The object of the present invention is met by a method in which heat is conducted from at least one condensation surface inside the incubator out of the incubator to the outside through a wall delimiting the inner chamber by at least one heat conductor. Outside of the incubator, each heat conductor is connected to a cooling body which releases the heat to the relatively cold ambient air.
The solution according to the present invention is less expensive than the known solution having a cooling unit. Added to this is the robustness due to the simple design. As a result of the arrangement of the cooling body outside the housing as a separate component, the solution according to the invention can be retrofitted to existing incubators without any problems.
In particular, it is possible for cooling units with climate-damaging refrigerants to be removed at the request of the customer and replaced by the solution according to the present invention.

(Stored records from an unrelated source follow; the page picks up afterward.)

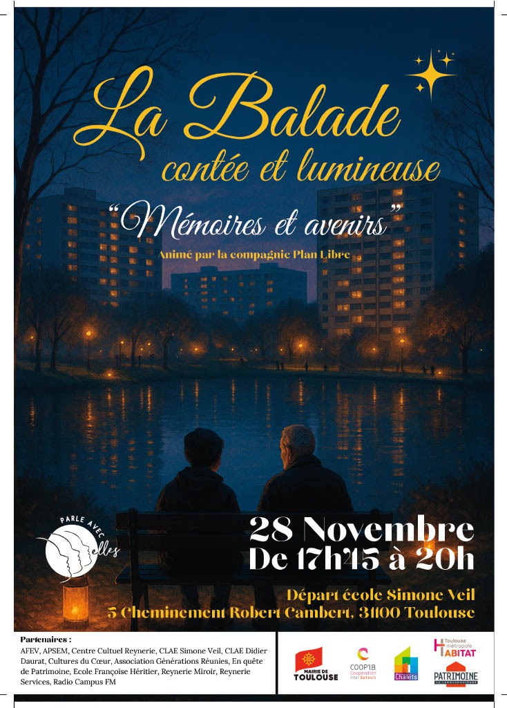 L'association "Parle avec Elles et ses partenaires", vous invitent à participer à la Balade Contée et Lumineuse sur le thème "Mémoires et Avenirs".
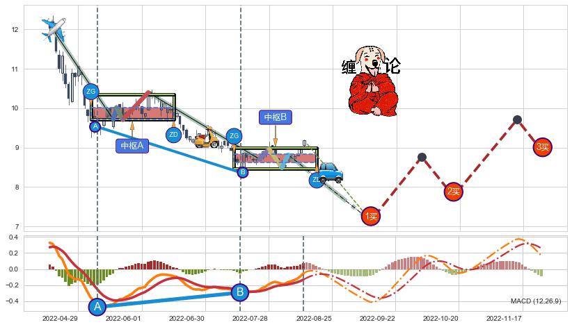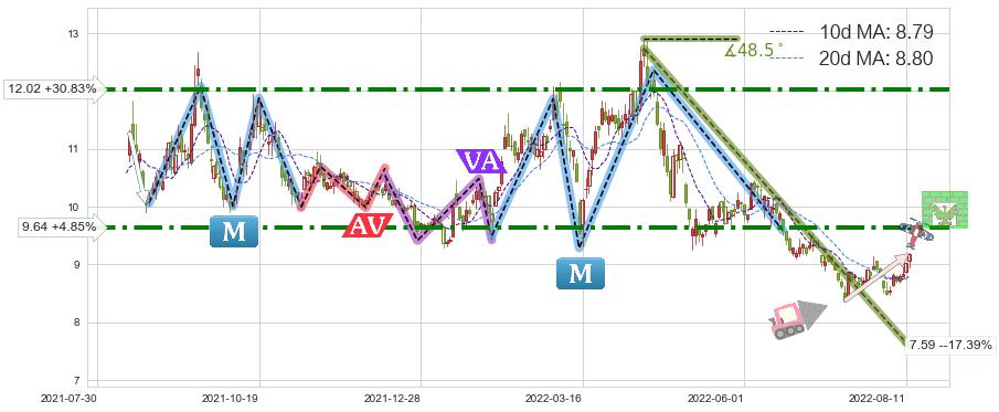 ➣ 【中枢B】:2022-07-25-2022-08-05,中枢由4笔构成,共10交易日, ZG=8.82, ZD=8.71
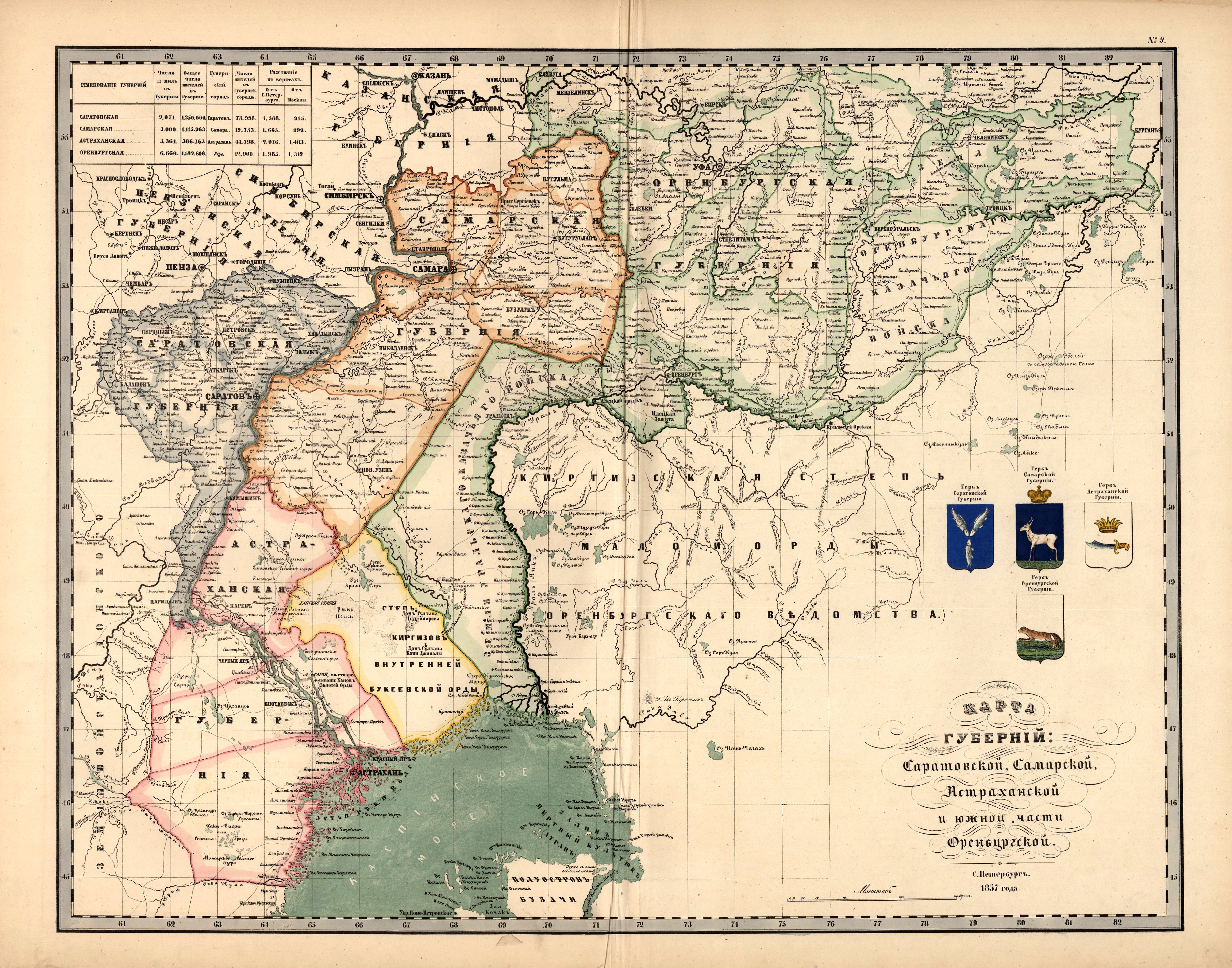Карта губерний Саратовской, Самарской, Астраханской и южной части Оренбургской

In order to improve the heat transfer from the cooling body to the ambient air, the active surface of the cooling body may be profiled. For example, the profiled cooling body may have multiple lamellae which are arranged parallel to one another. In order to keep the heat resistance of the cooling body low, it preferably consists of material with good heat conductivity, such as for example copper or aluminum. The surface of the cooling body is preferably provided with a corrosion-resistant, anti-adhesive and wear-resistant layer. Consequently, protection of the surface against damage, corrosion and environmental influences is provided. The cooling body is designed as a component separate from the housing and is preferably fastened to one of the side walls of the housing of the incubator.
To connect the cooling body to the at least one heat conductor, the cooling body preferably has a plate-like solid component with an opening for receiving one end of each heat conductor in a form-fitting manner. The plate-like component likewise consists of a material with good heat conductivity, in particular of aluminum or copper. The plate-like component is preferably screwed to a wall of the housing of the incubator. Flanges which laterally adjoin the plate-like component may be provided for the purpose of screwing.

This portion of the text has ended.